The SEC has approved a rule to strip executive compensation of companies that need to materially correct financial statements, raising the bar for Corporate America’s highly paid CEOs.
“Corporate executives are often compensated based on the performance of the companies they lead, with factors that may include revenue and business profits,” SEC Chair Gensler said in a statement. “If the company makes a material error in preparing the financial statements required under the securities laws, however, an executive may receive compensation for reaching a milestone that in reality never occurred. If such inaccuracies are due to fraud, error, or any other reason, today’s rules will implement procedures that require issuers to recover the wrongly awarded pay, a process known as a ‘clawback. ‘”
The vote, which passed along party lines 3 to 2, took place at Wednesday’s Open Commission Meeting.
The Dodd-Frank Wall Street Reform and Consumer Protection Act, enacted in July 2010 during the Great Financial Crisis, mandated that the SEC adopt rules directing national securities exchanges to require policies on clawback as part of their listing criteria. The SEC first proposed this clawback rule in 2015 and reopened it for public comment in 2021 and 2022 to take into account recent changes in markets and how companies issue restatements.
The new rule will require US-listed companies to put in place a plan for the recovery of incentive-based compensation paid to its current or former executive officers in situations where an issuer is required to restate its financial statement.
The SEC will also require that national securities exchanges create standards that will enforce and comply with exchange-listed companies’ clawback policy and will require issuers to provide details about the policies implemented.
The rule will take full effect in one year and two months unless issuers comply sooner.
When asked if he thought companies could change executive compensation to avoid clawbacks, Gensler replied, “I don’t share the view that companies can move toward more pay. It might change how they do it, but it would better align it with incentives that you don’t get paid for mistakes…I think boards would prefer to have incentive pay based on sound financials and remove any possible incentives to have corrupt finances. It is better aligned with incentives.

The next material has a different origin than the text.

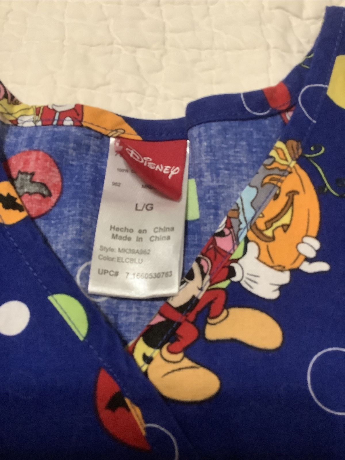 как выглядит Disney Womans Size L Scrub Top Mickey Mouse Friends Halloween Pockets Blue Mock фото

Although the SEC is committed to cracking down on financial restatements and better aligning that with financial incentives, since their peak in 2006, the number of annual financial restatements has declined by more than 80%, according to Audit Analytics. 2020 saw the lowest percentage of companies disclosing financial restatements in 20 years with only 4.9% of companies disclosing past financial statements, compared to 6.8% in 2019 and 17% at a peak in 2006 .
Also on Wednesday, the SEC is set to adopt a rule that will simplify shareholder reports to help retail investors better understand the performance of mutual funds and exchange-traded funds.
The SEC will require funds to provide investors with a 3-4 page report instead of 100 pages, combining information that highlights the fund’s expenses, performance, holdings, and any material changes. Investors will still have access to all necessary information, including full financial statements online.
This post was updated after the vote took place.